The tangle idea, isn't it something similar to sharding? Sharding is on the road map of both Ethereum and Bitcoin Cash - and probably many others as well.
As far as I've understood, every node needs to keep the full transaction history of all the tokens they have, meaning it may not scale with time (an anecdote - in my previous workplace we built up new software from scratch to replace the old one, and we did extensive stress testing, I don't remember, think we got 1000 TPS which was rather good as we would only expect something like 50-100 TPS during traffic peaks - however, all the stress testing was done with a hierarchical product catalogue that was just two levels deep and contained dozens of items - as soon as we went live we observed mediocre performance - our software didn't scale when the catalogue was many levels deep and had thousands of products).
"As far as I've understood, every node needs to keep the full transaction history of all the tokens they have, meaning it may not scale with time"

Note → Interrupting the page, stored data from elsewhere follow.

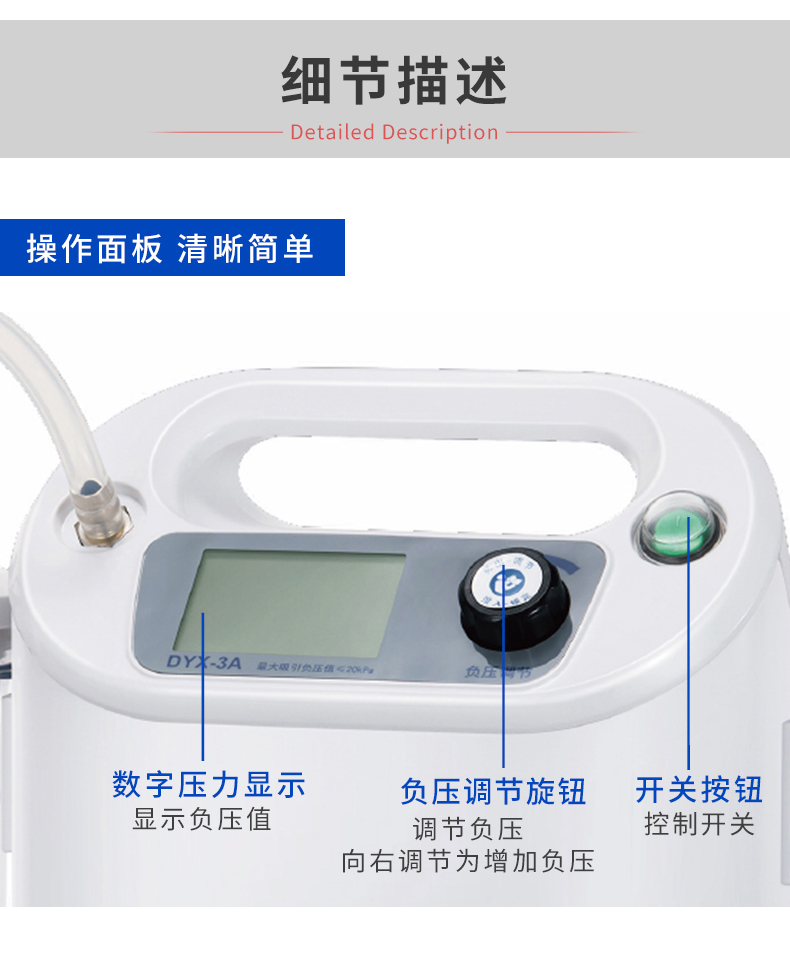 - 负压调节装置具有锁定功能,可根据需要任意设定负压值;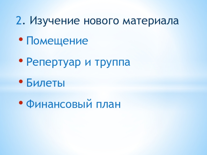 2. Изучение нового материалаПомещениеРепертуар и труппаБилетыФинансовый план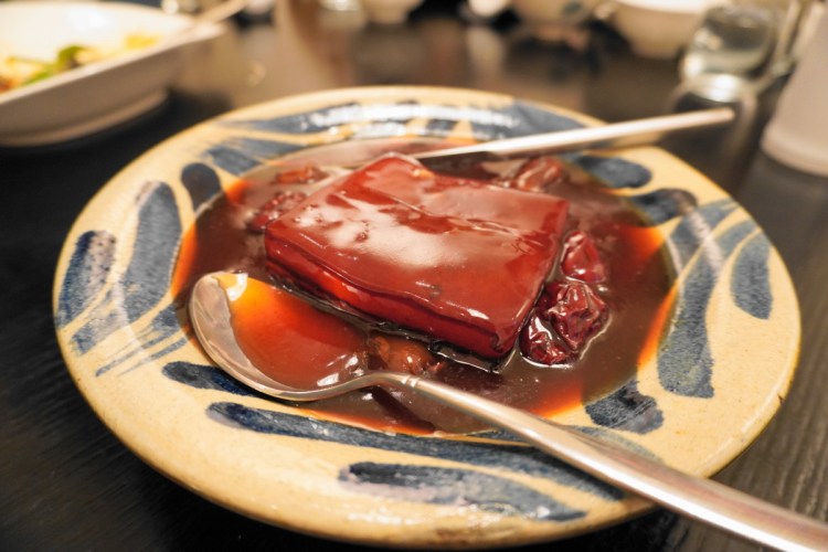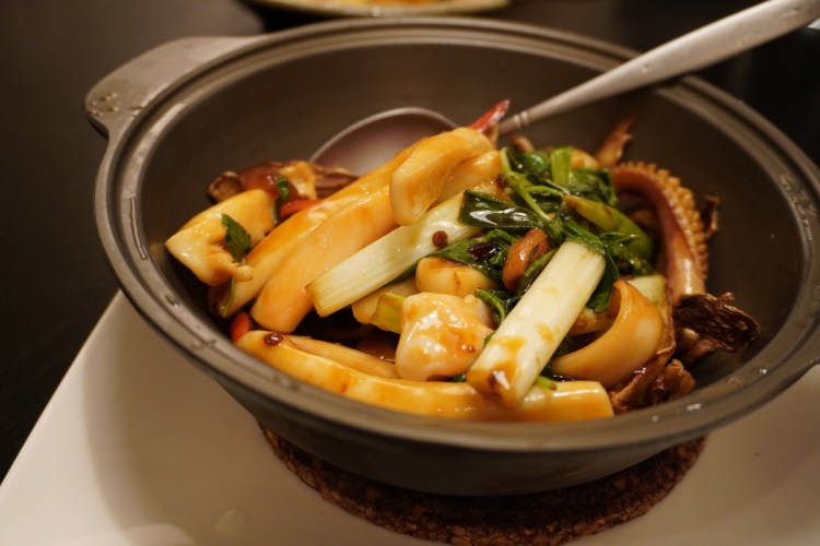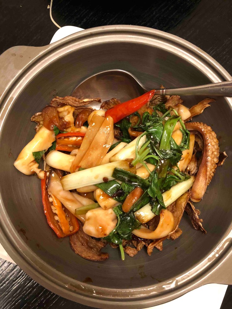 問了服務人員這邊最知名的是哪一道菜?他說就是干貝竹笙雞湯這道,上桌時用鑄鐵鍋煮過裝盛雞肉果然非常的透,香味真的濃郁!但已經吃了快兩個小時了,上菜速度實在太久,實在覺得味道太鹹以外,乾貨泡開的干貝有種陳年的味道,實在不愛!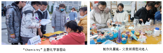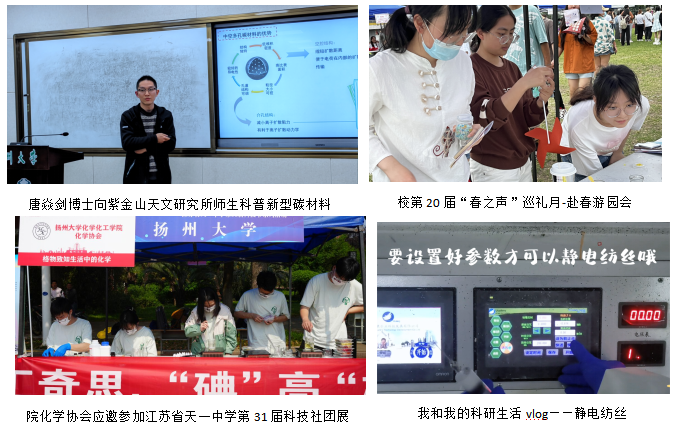 截至今日,学院依托学生组织在校园、社区开展20余次线下科普活动。如,自2019年以来,由院化学协会承办的“Chem is try”主题化学游园会是化学化工学院学生工作“一院一品”的品牌活动,至今已是第四届,始终以化学的趣味性特征为中心,以化学的学术性辅之,通过“沉浸式”体验展现化学的独特之“美”,激发学生学习化学的兴趣。自2021年以来,由院科协开展的“暖‘锌’乐龄”系列公益活动,利用专业特长制作手工制品,共吸引来自各个校区的1000余名学生预约、购买,义卖所得走进社区慰问老人,并普及生活中的化学知识,在关爱和丰富老人精神世界的同时,传递化学美。今年上半年,化学协会应邀前往无锡参加江苏省天一中学第31届科技节社团展;唐焱剑博士向紫金山天文研究所师生科普新型碳材料的奥秘。在活跃校园文化生活的同时,也培养了学生学习探索精神,增强专业自信;在研究生中开展“我和我的科研生活vlog”活动,向更多人展示化学科研的日常。
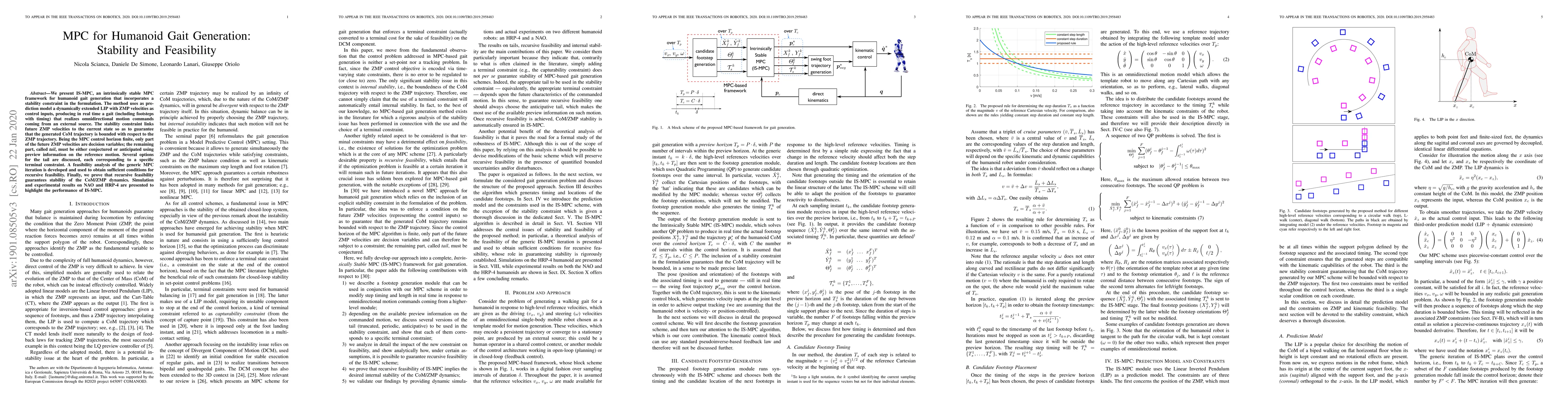 This paper introduces IS-MPC, a stability-constrained model predictive control framework for humanoid gait generation, ensuring bounded CoM trajectory relative to ZMP. It uses a dynamically extended LIP model and discusses various methods for handling the tail of ZMP velocities, proving stability under recursive feasibility conditions, with successful simulations on NAO and HRP-4 humanoids.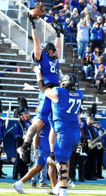 Alex Ginnever (87) is hoisted into the air by EIU teammate Sandro Malicevic after a touchdown catch Saturday. (Photo by Sandy King, EIUPanthers.com)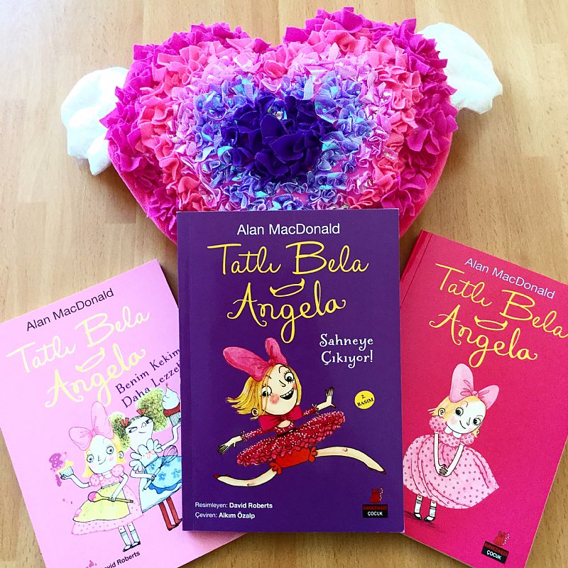 Merhaba ! Artık biraz kendi okuyan çocuklar için tatil önerilerine ağırlık vereceğim. Tatlı Bela Angela serisi Masal´ın yeni favori serisi oldu, renkler ve karakterden dolayı tahmin edeceğiniz gibi daha çok kız çocuklarının hoşuna gidecek türden bir seri. Angela Nicely çok tatlı ve sevimli bir kız çocuğu gibi görünse de ortalığı karıştırmakta gerçekten üzerine yok! Kitapta yer alan karakterlerin soyadları o karakterlerin özelliklerine göre seçilmiş ve Masal buna bayıldı. Şimdilik bu üç kitabını aldık ve şu an üçüncü kitaptayız, Kırmızı Kedi Çocuk´ tan çıkan seriyi özellikle 6-7 yaş ve üzeri muziplikten hoşlanan kız çocuklarına öneriyoruz. Fotoğrafta gördüğünüz yastığı da Masal kendi yaptı, Plush Craft´tan ,çok sevdiği bir etkinlik oldu.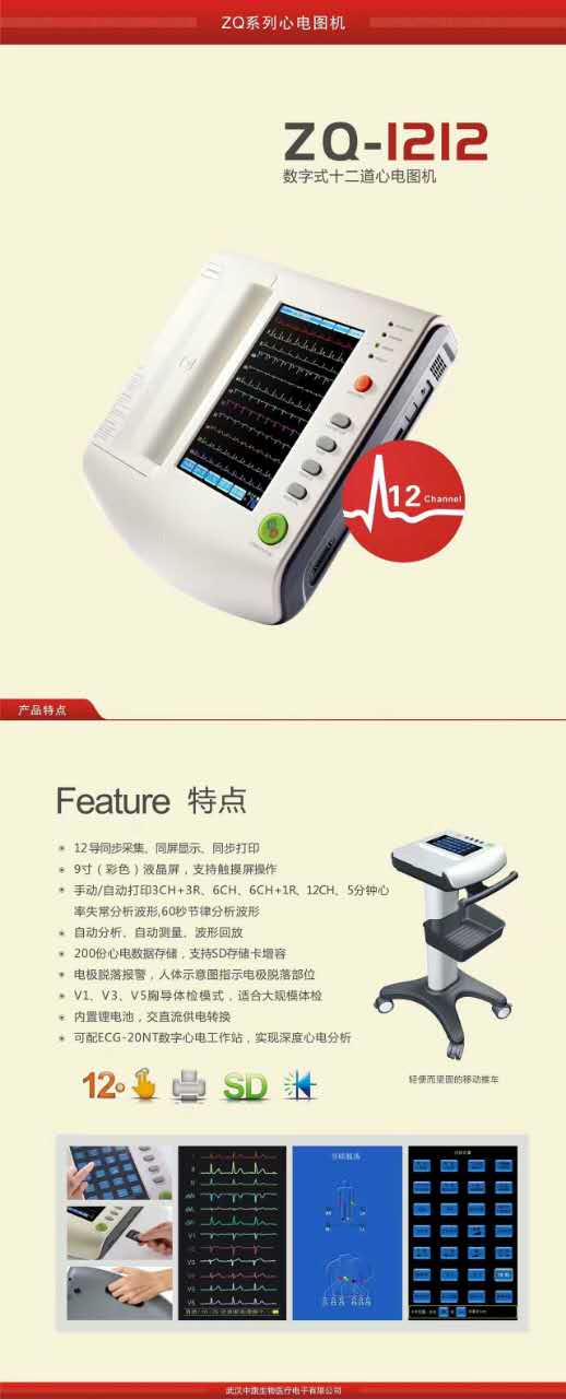 ZQ-1203武汉中旗心电图仪器多少钱欢迎来电咨询,中旗心电图机是知名品牌三道心电图机。中旗心电图机市场占有率高,质量有保证,售后有保障。中旗三道心电图机有电脱落指示图,显示电连接情况,大方便操作。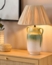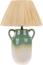 Mehrfarbige Keramik-Tischleuchte in moderner Vasenform mit kegelförmigem Papierschirm. Mit dieser fabelhaften Leuchte lassen Sie den Boho-Look bei sich Zuhause einziehen und sorgen dabei für Gemütlichkeit in Ihren Wohnräumen. Der stabile Lampenfuß besteht aus pflegeleichter Keramik und besticht sowohl mit seiner angesagten Vasenform als auch mit einem prächtigen Farbverlauf in einem hellen Grün- und Weißton. Der Papierschirm ist in einem hellen Naturton gehalten und wirft ein sanftes Licht, das Ihren Raum in ein Reich heiterer Raffinesse verwandelt. Dank langem Kabel mit Schalter kann die Nachttischlampe fast überall angeschlossen werden. Um die natürliche Schönheit des Modells zu unterstreichen, ist das Kabel zusätzlich mit Nutzhanf umflochten.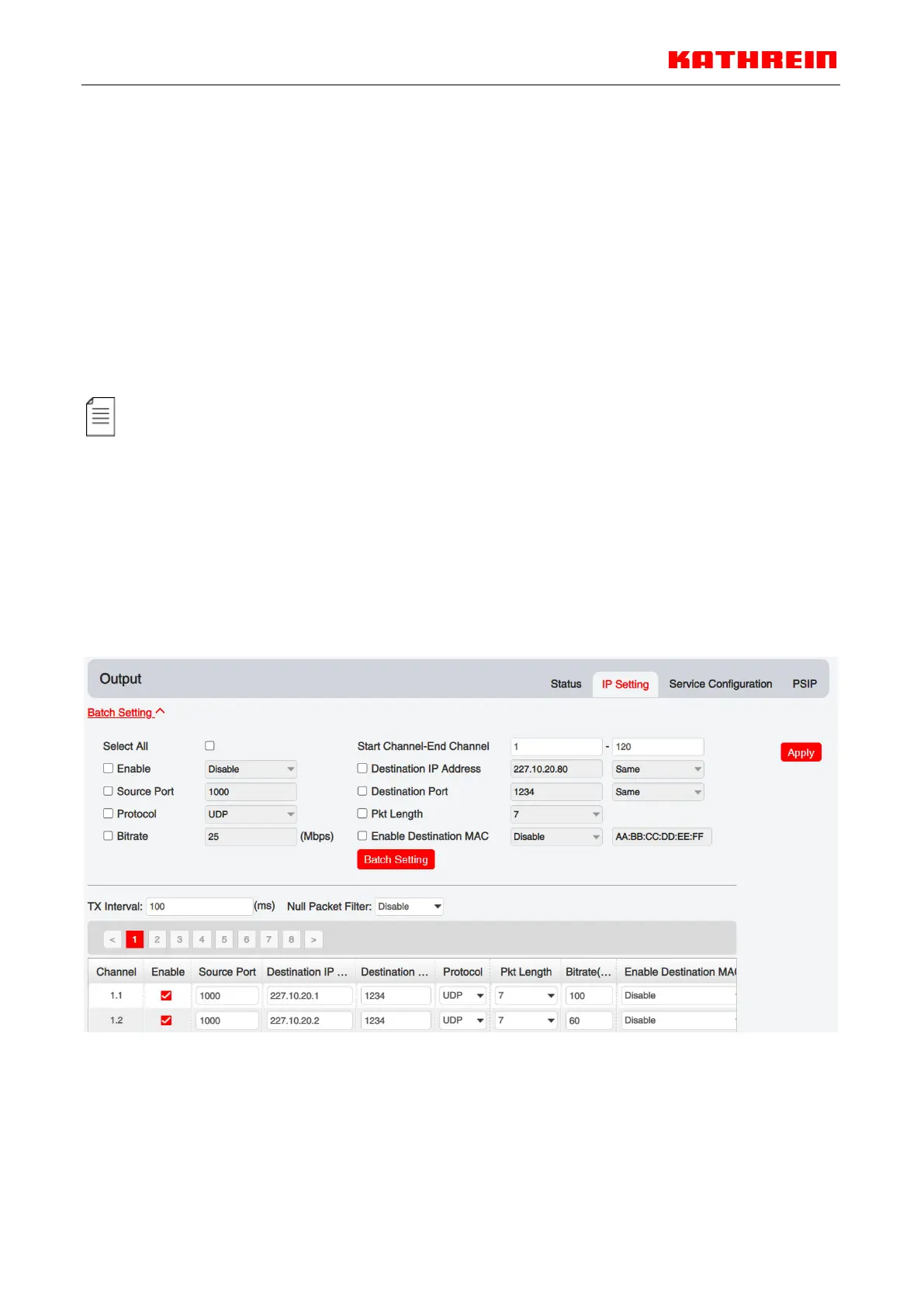 Batch Setting of IP output channels is also similar to that of setting IP input.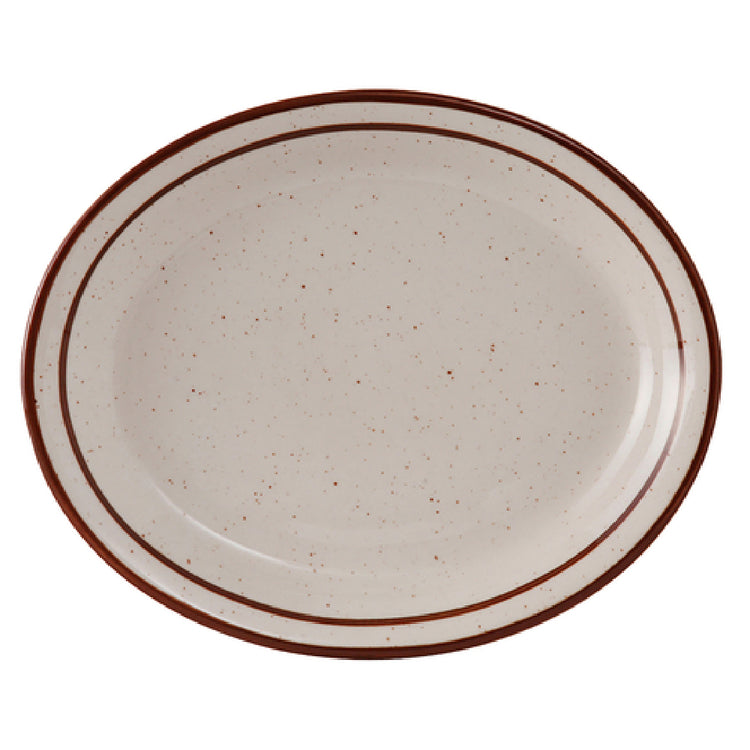 The Tuxton TBS-914 Platter 13-3/4" x 11-1/4" Oval is a versatile and durable piece of serveware renowned for its usability in various dining settings. Crafted from fully vitrified ceramic, this platter offers superior strength and a lead-free composition, ensuring safety and durability. Its oval shape coupled with a narrow rim provides an elegant yet practical design, ideal for both casual and formal dining environments. The platter is finished in an American White/Eggshell color with a subtle brown speckle pattern, adding a touch of sophistication and style. Measuring 13-3/4 inches in length and 11-1/4 inches in width, it is perfectly sized for serving a variety of dishes, from main courses to shared appetizers. The Tuxton TBS-914 is microwave and dishwasher safe, offering convenience for fast-paced dining establishments and home use alike. Additionally, its oven-proof quality makes it suitable for warming dishes, enhancing its functionality. Sold in packs of one dozen, the platter is an economical choice for restaurants, catering services, and hospitality industries seeking reliable and aesthetically pleasing serveware. The Tuxton TBS-914 Platter blends practicality with elegance, making it a valuable addition to any table setting.

In IOTA there are a couple different type of nodes. The most prevelent right now being full nodes. Full nodes receive and record all incoming transactions, however they preform what is called a "snapshot" every now and then, which erases all data accept the addresses that currently have value. After each snapshot, the database stored on full nodes right now is only around 20MB.
Perma-nodes (not out yet) will store the entire history of the tangle. This is what will allow all transactions to be undeniably verified forever.
Swarm-nodes (not out yet) will consist of multiple machines that don't have the capacity to store the entire tangle on their own, each storing a part of it, and working together to act like one perma-node.
These techniques used together will allow all data for IOTA to be stored efficiently over time. It is possible that perma/swarm nodes might be payed a small fee for storing information permanently.